Paratrooper gives final salute to fallen comrad…

Paratrooper gives final salute to fallen comrade
‘Have a good one, Airborne’ is buddy’s last command
Apr. 26, 2002. 03:51 PM
KELLY TOUGHILL
TORONTO STAR

HUBBARDS, N.S. – Just before a Canadian army paratrooper sails out the open door of a plane into the rushing wind of freefall, another soldier taps his shoulder from behind in a gesture of good luck for the journey to come.

Yesterday, in a church packed with mourners, Pte. Simon Hughes knocked hard on the casket of his buddy, Pte. Richard Green, and then, in a voice hoarse with emotion, barked a final command: “Have a good one, Airborne!”

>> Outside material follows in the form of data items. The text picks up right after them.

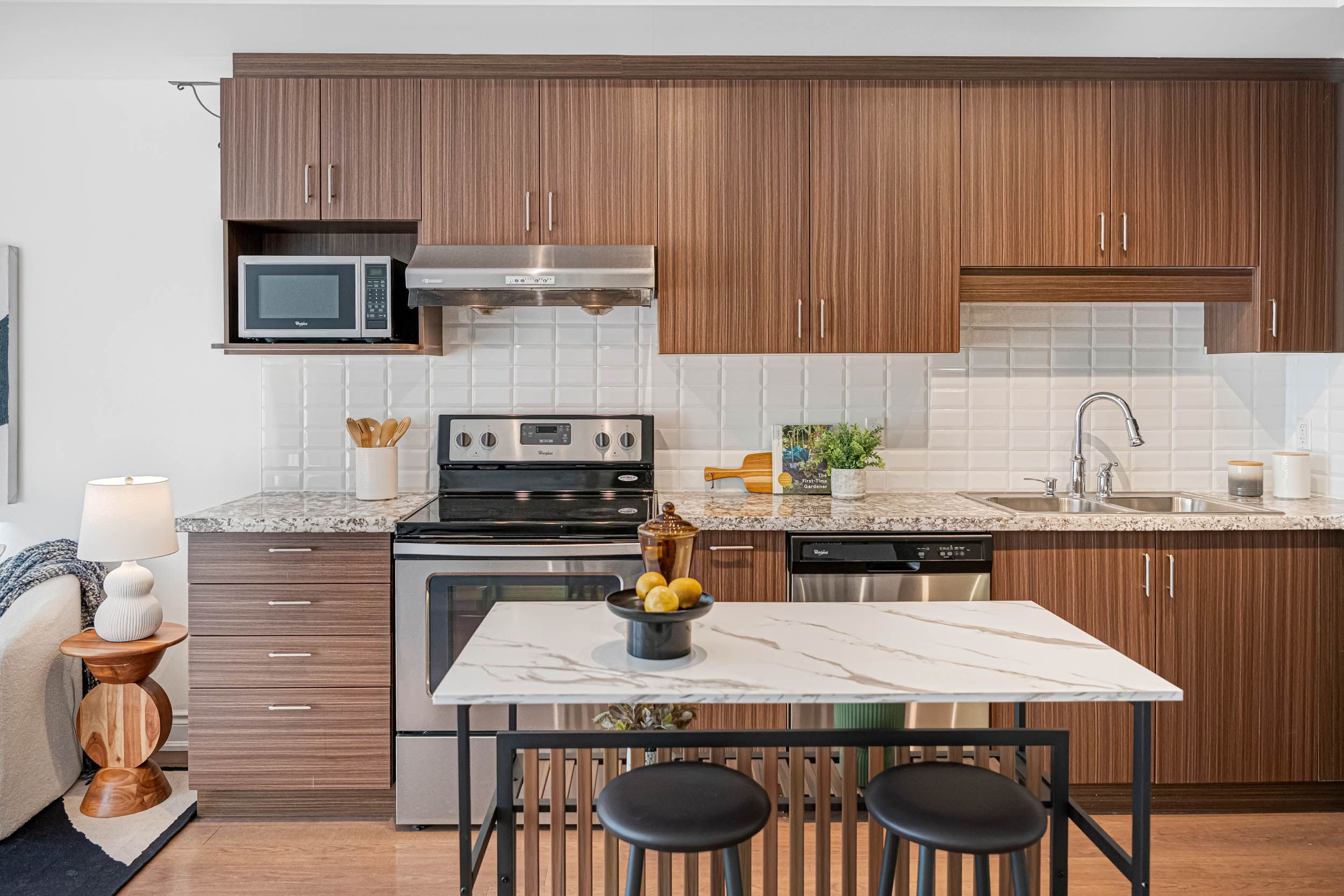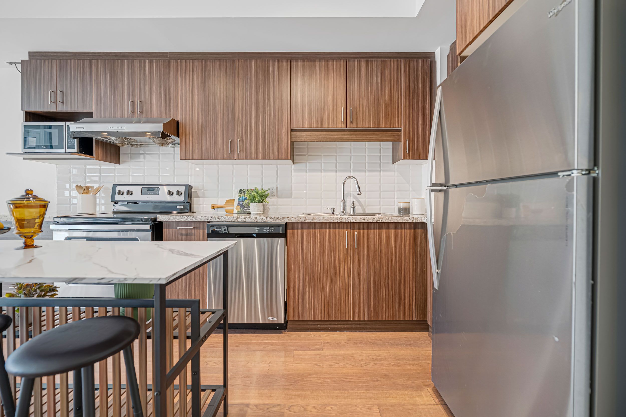 • Modern kitchen featuring stainless steel appliances and granite countertops.
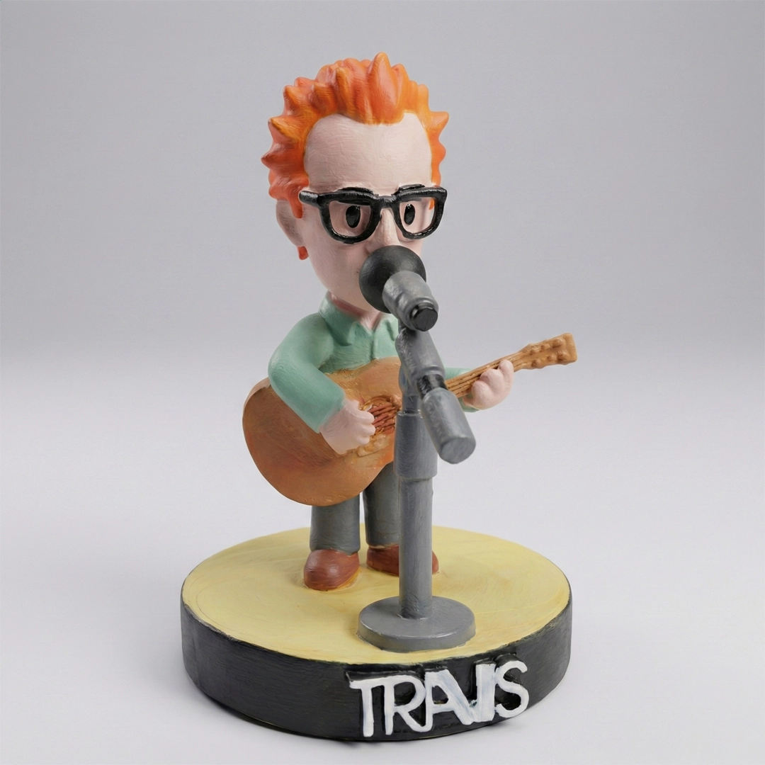 🎨 Arte y Exclusividad Cada pieza ha sido impresa en 3D en alta resolución y pintada a mano, garantizando que cada Fran Healy tenga un toque único y artesanal.
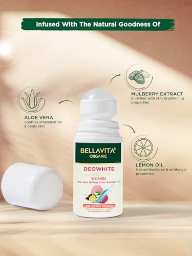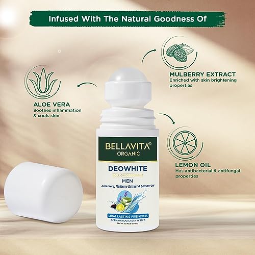 Bella Vita Organic Deo White Deodorant for Men Long Lasting Freshness 50ml Natural Roll On Under Arms Skin Whitening and Lightening for Dark UnderarmsUnlike other parts of our body the skin under the arms is extremely sensitive. The clothes we wear the products we use exposure to the sun accumulation of sweat dirt. all can lead to major skin concerns. Discoloration pigmentation acne marks and spots inflammation skin irritation & itching underarm odor etc are some to be listed. When we use perfumes or deodorants with chemicals the skin tends to get clogged resulting in excessive sweating and which leads to the bacterial formation and causes odor infections itchiness and more such uneasy skin concerns. They can also darken the area and underarm lightening can be extremely tricky whereas body odor discoloration skin infections etc can be taken care of with natural skincare products very easily. Being chemical-free natural products heal the skin from within and cause no harm to it. With the right blend of ingredients natural skincare products can be used for any skin concern. DeoWhite Roll-On Deodorant For Men is one such product. Made with the best natural and ayurvedic ingredients it takes care of all your skin concerns related to the underarms. Whether it is underarm skin whitening or body odor DeoWhite Roll-On For Men is the perfect blend of cucumber essential oils coconut castor oil and many more ayurvedic herbs and ingredients. It is one of the best roll-ons for men and is affordable. The natural fragrances are long-lasting and keep body odor at bay. The essential oils in this make it a chemical-free perfume and help lighten dark underarms naturally. This pocket-friendly yet premium product helps you smell good all day long.Bella Vita Organic Deo White Deodorant For Women Long Lasting 50 ml Roll on Natural Under Arms Skin Whitening and Lightening For Ladies Aluminium FreeOur underarm is an extremely sensitive area and the skin under the arms is prone to a lot more damage than most parts of our bodies. Also nobody likes to have an underarm odor and the accumulation of sweat bacteria dust and pollutants leads to exactly that. Waxing the area in addition leads to skin burns or discoloration pigmentation and darker underarms. Overexposure to the sun can lead to tan and sunburn. Not cleaning the area every day can lead to bacterial and fungal infections irritation itchiness and dryness. Excessive sweating can clog pores and lead to acne breakouts marks and spots. Using harmful chemicals and skin whitening products can further lead to skin burns and peels and underarm darkness removal can be a tricky concept. One needs to be extremely careful of what one uses to cater to oneâs skin needs. Using natural products for skin is a much better resolution. Being chemical-free natural products heal your skin from within without causing any further damage. And natural underarm whitening can be done only using home remedies or chemical-free products. DeoWhite Roll-On For Women by Bella Vita Organic is one such product. Its carefully hand-picked ingredients work on underarm odor pigmentation dark underarms discoloration due to waxing skin and sunburns acne and its marks it also forms a protective layer around the area to prevent the formation of bacteria and fungi. It lightens dark underarms and makes for a great deodorant too. Ingredients like cucumber vetiver essential oils coconut castor and ayurvedic herbs make DeoWhite the best natural product to remove tan lighten dark underarms treat body odor prevent excess sweating and clogging of pores. It also treats acne and its marks. It works on blemishes and sunburns as well. DeoWhite Roll-On For Women is the best affordable chemical-free perfume for women that heals the skin without any damage. You will no longer have to burn a hole in your pocket to lighten armpits or for long-lasting perfumes as DeoWhite will keep you covered on both ends.
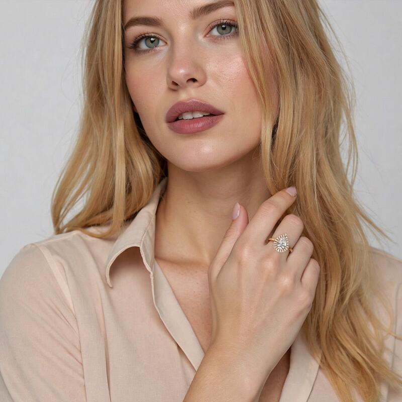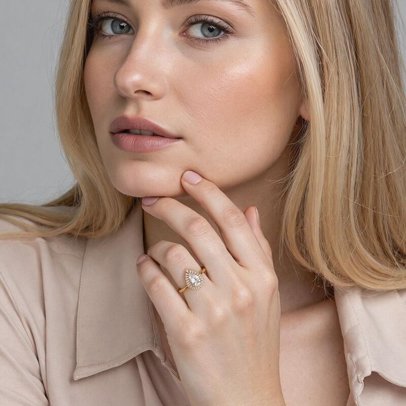 This exquisite halo engagement ring embodies elegance and sophistication, perfect for an unforgettable engagement. It boasts a pear-cut center stone, expertly crafted to maximize its brilliance and soft curves. A stunning halo of trapezoidal-cut gemstones encases the centerpiece, adding an extra layer of sophistication and sparkle. This ring evokes a sense of timeless elegance and romance, making it the perfect symbol of lasting love.
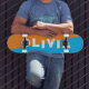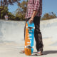 simple orange and blue skateboard for him, for her or for them is your personalized name in a bold funky and grunge distressed lettering. Get the prefect abstract design for a teen birthday or Christmas present. Just write your own name for a custom skateboard.
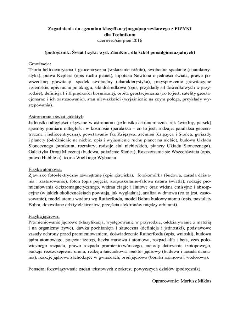 Zagadnienia do egzaminu klasyfikacyjnego/poprawkowego z FIZYKI dla Technikum czerwiec/sierpień 2016 (podręcznik: Świat fizyki; wyd. ZamKor; dla szkół ponadgimnazjalnych) Grawitacja: Teoria heliocentryczna i geocentryczna (wskazanie różnic), swobodne spadanie (charakterystyka), prawa Keplera (opis ruchu planet), hipoteza Newtona o jedności świata, prawo powszechnej grawitacji, spadek swobodny (charakterystyka), przyspieszenie grawitacyjne i ziemskie, opis ruchu po okręgu, siła dośrodkowa (opis, przykłady sił dośrodkowych w przyrodzie), definicja I i II prędkości kosmicznej, orbita geostacjonarna (co to jest, satelity geostacjonarne i ich zastosowanie), stan nieważkości (wyjaśnienie na czym polega, przykłady występowania). Astronomia i świat galaktyk: Jednostki odległości używane w astronomii (jednostka astronomiczna, rok świetlny, parsek) sposoby pomiaru odległości w kosmosie (paralaksa – co to jest, rodzaje: paralaksa geocentryczna i heliocentryczna), powstawanie faz Księżyca, zaćmień Księżyca i Słońca, gwiazdy i planety (odróżnienie na niebie, opis i wyjaśnienie ruchu planet na niebie), budowa Układu Słonecznego (struktura, rozmiary, rodzaje ciał niebieskich, planety Układu Słonecznego), Galaktyka Drogi Mlecznej (budowa, położenie Słońca), Rozszerzanie się Wszechświata (opis, prawo Hubble’a), teoria Wielkiego Wybuchu. Fizyka atomowa: Zjawisko fotoelektryczne zewnętrzne (opis zjawiska), fotokomórka (budowa, zasada działania i zastosowanie), foton (opis pojęcia, korpuskularno-falowa natura światła), rodzaje promieniowania elektromagnetycznego, widma ciągłe i liniowe oraz widma emisyjne i absorpcyjne (w jakich okolicznościach powstają, jak wyglądają), analiza widmowa (co to jest, zastosowanie), model atomu wodoru wg Rutherforda, model Bohra budowy atomu (opis, postulaty Bohra, dozwolone orbity elektronów, przejścia elektronów między orbitami). Fizyka jądrowa: Promieniowanie jądrowe (klasyfikacja, występowanie w przyrodzie, oddziaływanie z materią i na organizmy żywe), dawka pochłonięta i skuteczna (definicja i jednostki), podstawowe zasady ochrony przed promieniowaniem, doświadczenie Rutherforda (opis, wnioski), budowa jądra atomowego, pojęcia: izotop, liczba masowa i atomowa, rozpad alfa i beta, czas połowicznego rozpadu, prawo rozpadu promieniotwórczego, metody datowania izotopowego, reakcja rozszczepienia uranu, reakcja łańcuchowa, reaktor jądrowy (budowa i zasada działania), reakcje jądrowe zachodzące w gwiazdach, broń jądrowa (bomba atomowa i wodorowa). Ponadto: Rozwiązywanie zadań tekstowych z zakresu powyższych działów (podręcznik). Opracowanie: Mariusz Miklas
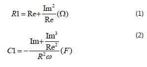 Sand electrical parameters were computed from the results of Figures 11 and 12. Impedance was represented as Re+jIm and the equivalent resistance and capacitance were calculated using (1) and (2):
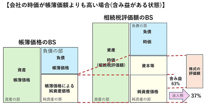 法人税=(時価による純資産価額―帳簿価額による純資産価額)×37%
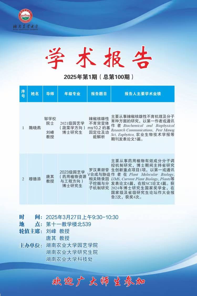 bevictor伟德官网第100期-博学讲坛:辣椒核雄性不育突变体ms10.2的基因定位及功能解析;罗汉果甜苷Ⅴ合成与胁迫相关转录因子挖掘与分子机制研究
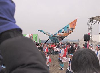 揚げておられますのは、この会場で作成しました手作り凧。
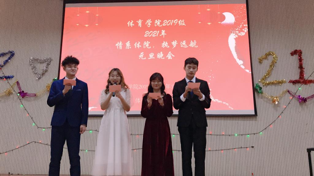 元旦将至,为庆祝元旦佳节,进一步推进系文艺活动的蓬勃发展,丰富校园文化生活,活跃学习氛围,给同学们一个真正展示自我风采和勇气的舞台。我院于2020年12月25日晚七点于人文楼报告厅举办“2019级元旦晚会”,本次晚会由19级学生自主筹办,由副处级辅导员柴九昌老师,团委老师程俊辉老师,19级辅导员赖梦玥老师,20级辅导员龙慧杰老师出席,19级全体学生参加。
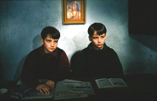 Lewis and Benjamin gambolled ahead, put up grouse, played finger-football with rabbit-droppings, peered over the precipice onto the backs of kestrels and ravens and, every now and then, crept off into the bracken, and hid. They liked to pretend they were lost in a forest, like the Twins in Grimms’ fairy-tale, and that each stalk of bracken was the trunk of a forest tree. … They lay on their backs and gazed on the clouds that crossed the fretted patches of sky … they would press their foreheads together, each twin losing himself in the other’s grey eye.
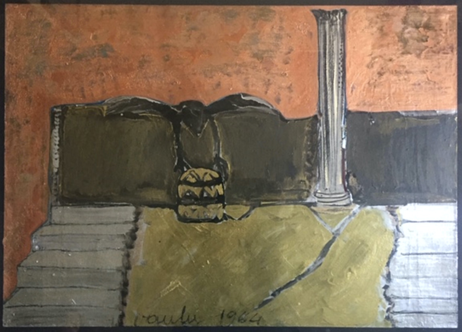 Sergio Vacchi Olio e tecnica mista su cartone 50x70 La mitra 1964 Esposto a Roma nella Mostra Concilio Vaticano II Provenienza Collezione Ponti Loren
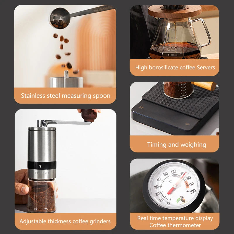 Coffee Set Coffee Accessories Manual Grinder Mill Glass Pot with Filter Dripper Gooseneck Kettle Specialized BaristaSet
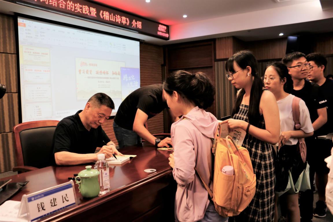 钱先生首先从自己的个人经历出发,结合自己任职教师15年,后踏入宦海浮沉的感想感悟,跟大家分享自己的作品《稽山诗草》的创作背景。当时,时任绍兴市常务书记的钱建民先生受绍兴历史文化的熏陶,开始“始结诗缘”,在后来的工作中,他发现绍兴的政务活动和交友应酬往往伴随着诗词,由此,便“入乡随俗”,从此沉浸诗海无可自拔。
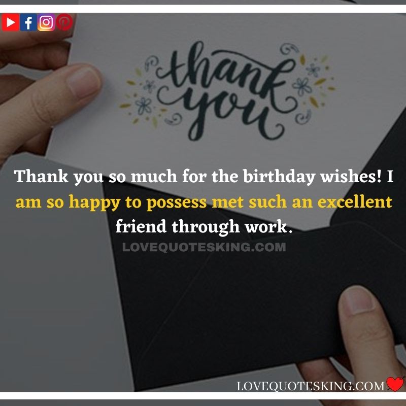 Thank you so much for the birthday wishes! I am so happy to possess met such an excellent friend through work.
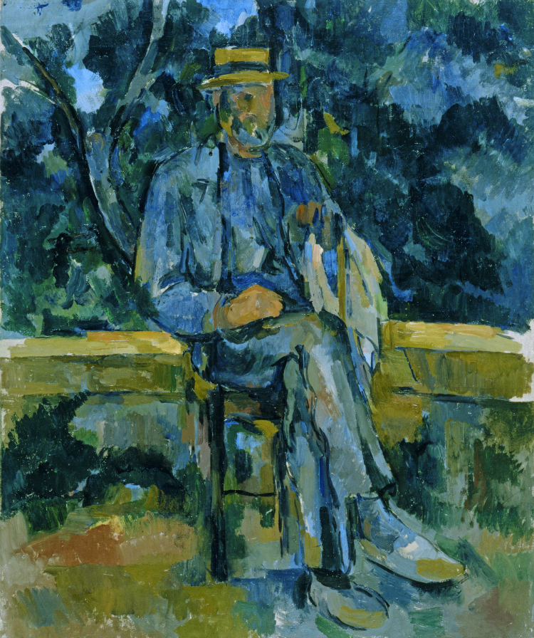 Enfin, ce sont les correspondances sensorielles qui sont mises au jour : le feuillage d’un arbre à l’aspect cristallin et liquide répondant à des cieux ou des eaux dotés d’une matérialité puissante (Le Pont de l’île Machefer à Saint-Maur-des-Fossés, 1895/98). Pour cela, Cézanne a délaissé ses couleurs épaisses et souvent sombres des débuts au profit d’une palette plus claire, s’attelant à réinventer les relations entre surface, formes et espaces. Sa touche se raccourcit et l’abstraction gagne ses (faussement) immobiles paysages où la géométrie des aplats de couleur éblouit. Ainsi en va-t-il aussi des nombreuses vues de la montagne Sainte-Victoire aux formes éclatées et au ciel dans lequel viennent se jeter des taches de nature, mais aussi des Baigneuses dont le rythme des contours et des teintes appelle déjà les révolutions picturales à venir. Son Portrait d’un paysan (1905/06) dont le visage nous échappe se confond, lui, quasiment avec le feuillage environnant. Et que dire des Rochers à l’Estaque (1882-85) comme des incroyables versions évolutives des Lauves (Le Jardin des Lauves) du début 1900 dont la flamboyance et la retenue dans la recherche de l’essentiel marquaient un temps d’avance inspirant pour ses pairs, notamment les plus jeunes.
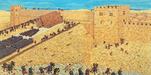 Ассирийский царь Синаххериб в 701 году до н. э. осаждал в Иудее город Лахиш. На раскопках нашли большую осадную насыпь, построенную ассирийскими воинами. В ней обнаружили наконечники стрел, которыми обстреливали осаждающих с крепостной стены. Со своей стороны осаждённые внутри города также строили насыпь. Но ассирийцы в этом соревновании одержали победу — и взяли Лахиш.
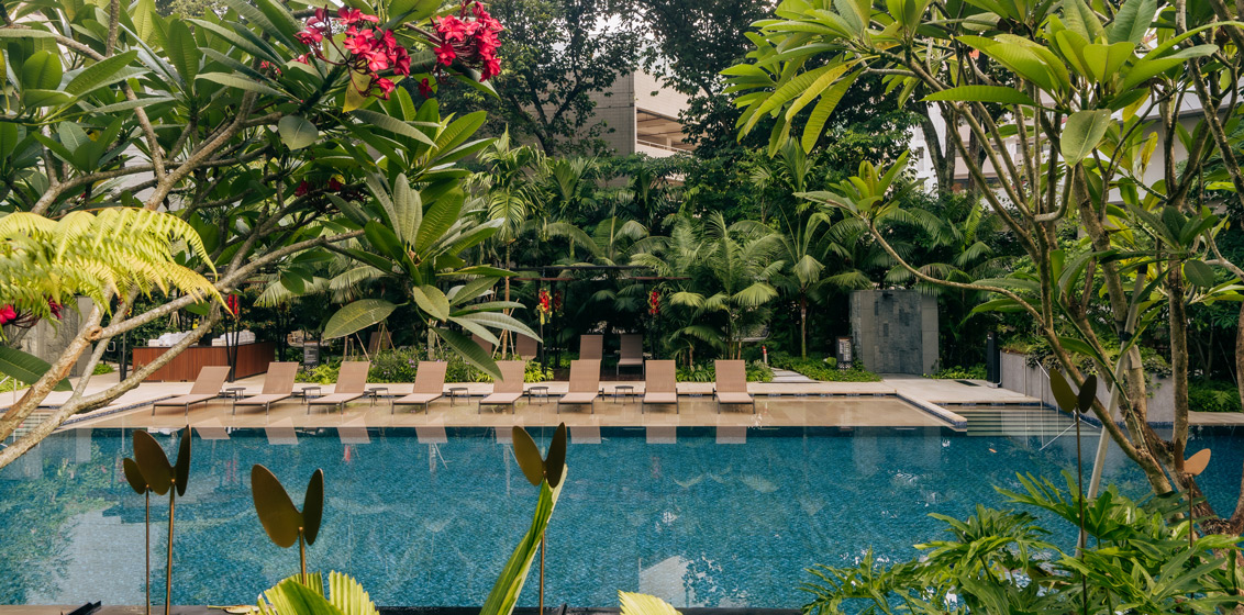 Strickland also reimagined the hotel’s reception and public spaces, where a sculptural centrepiece and carved louvers echo Peranakan motifs, and ceiling fins made of local wood wrap the Grand Lobby with a sense of warmth.
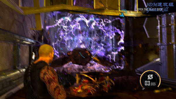 三个发光点都破坏掉之后BOSS会把房间里的掩体都打坏,然后发射激光,激光每次都是从房间一边的头上开始扫射, 所以站在中间等着就行,开始发射的时候使用火箭筒破坏BOSS头上的四个弱点。
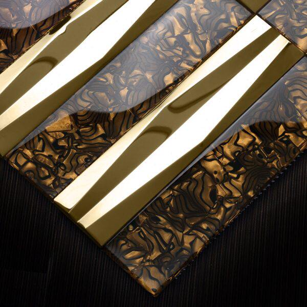 欧式古典长条金属玻璃马赛克瓷砖会所餐厅酒店乱纹艺术装饰背景墙
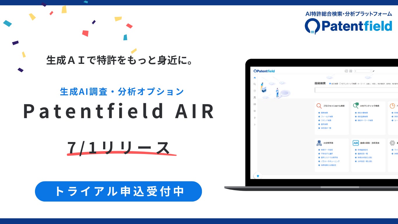 「生成AI調査・分析オプション Patentfield AIR」を2024年7月1日に提供開始し、本日よりトライアル申込を受付します。
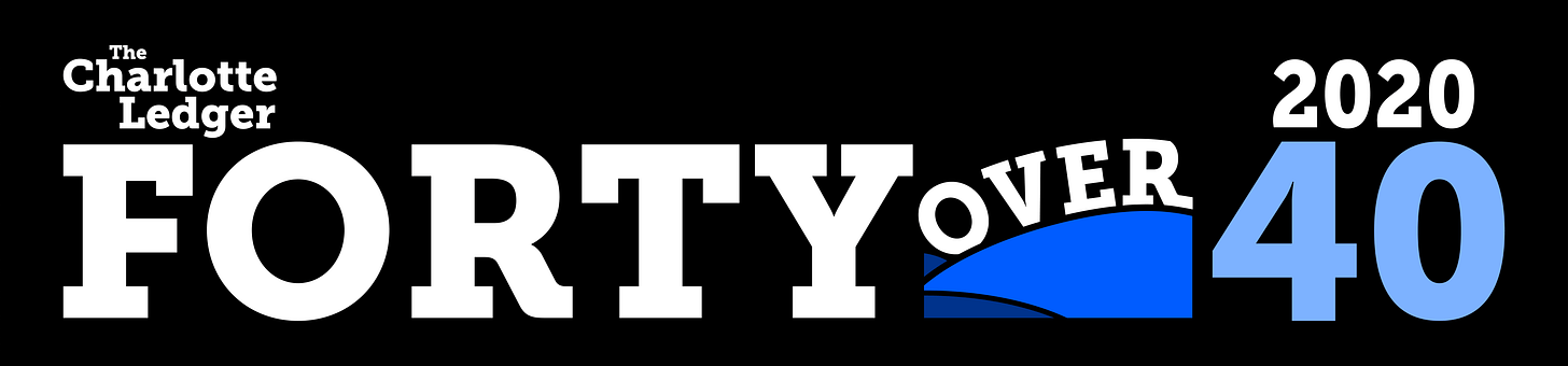 The Charlotte Ledger 40 Over 40 is run by The Charlotte Ledger, an award-winning e-newsletter providing original business news and analysis serving Charlotte. It is not affiliated with any other awards program, publication or events company.
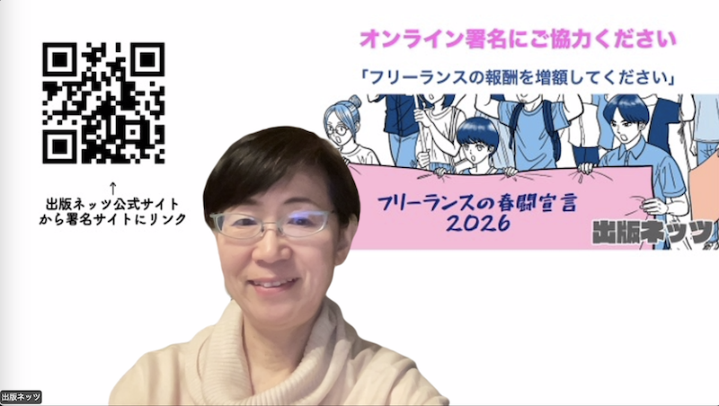 出版ネッツは団体賛同として、当日午前中に行われたオンライン集会では「フリーランスの春闘宣言2026」をアピール。

More than 500 people came to this picturesque village along Nova Scotia’s South Shore yesterday for the last burial of four Canadian soldiers killed April 17 by “friendly fire” when a U.S. plane dropped a 500-pound bomb on a night-time training exercise near Kandahar Air Base in Afghanistan.

They filled 150-year-old St. Luke’s Anglican Church more than an hour before the service began, standing nose-to-nose in a basement hall, and toe-to-toe in a choir closet. Almost 300 people waited outside to pay their respects to the boy who grew up in Mill Cove, just down the road.

There were cousins and aunts and scores of friends from high school. There were dignitaries, and the Canadian army’s top brass. And there were people who never knew him at all.

“I just wanted to pay my respects to a fallen comrade,” said Percy Grant, who drove across the province to attend the funeral.

Inside the church, Padre Jack Barrett remembered Green as “one of Hubbards’ finest citizens and now a hero to many Canadians.”

He said the 22-year-old paratrooper “laid down his life in pursuit of justice, freedom and peace,” but also warned that no amount of pride or honour in his life will take away the pain of his death.

Green, known as “Ricky” to his friends, was remembered yesterday as a man who liked to live life on the edge, a quiet, soft-spoken soldier who was “wicked at pool” and who relentlessly pursued his dream of being a paratrooper.

Hughes remembered how proud Green was the day he qualified for paratrooper school, how hard the test was and how Green never hesitated, never even stopped to catch his breath.

Michael MacDonald was a home-town mentor to Green who helped train the teen for military service. He remembered visiting Green at his base, how the young soldier sailed out of the sky on a parachute’s wings, then sauntered over to his mentor with a grin, stuffing the chute under his arm.

“Just another day at the office,” Green said to MacDonald joyfully.

“Ricky died living life to the fullest,” Barrett told mourners.

“He loved what he was doing.”

Green was only a young teen when he settled on a career in the army. From that moment on, he began preparing to enter the service, running kilometres along the twisting road that follows the shore between Hubbards and his home.

Mourners retraced the route yesterday as they followed his coffin to a small cemetery in Fox Point, where he was laid to rest.

With red-winged blackbirds singing from bare treetops and a bugler sounding Reveille, mourners took turns covering his coffin in flowers, notes and personal mementos.

Green’s 17-year-old fiancee, Miranda Boutilier, left a note and a red rose on his coffin, then fell to her knees in tears.

Green was one of four members of the Princess Patricia’s Canadian Light Infantry who died in Afghanistan. Yesterday, 47 members of the Edmonton-based group helped give their comrade a full military funeral, standing at sharp attention as his coffin entered and left the church, and firing a three-rifle volley beside the grave.

Green was the fourth soldier buried this week. Funeral services were held earlier for Cpl. Ainsworth Dyer in Toronto, Pte. Nathan Smith in Dartmouth, N.S., and Cpl. Marc Leger in Lancaster, Ont.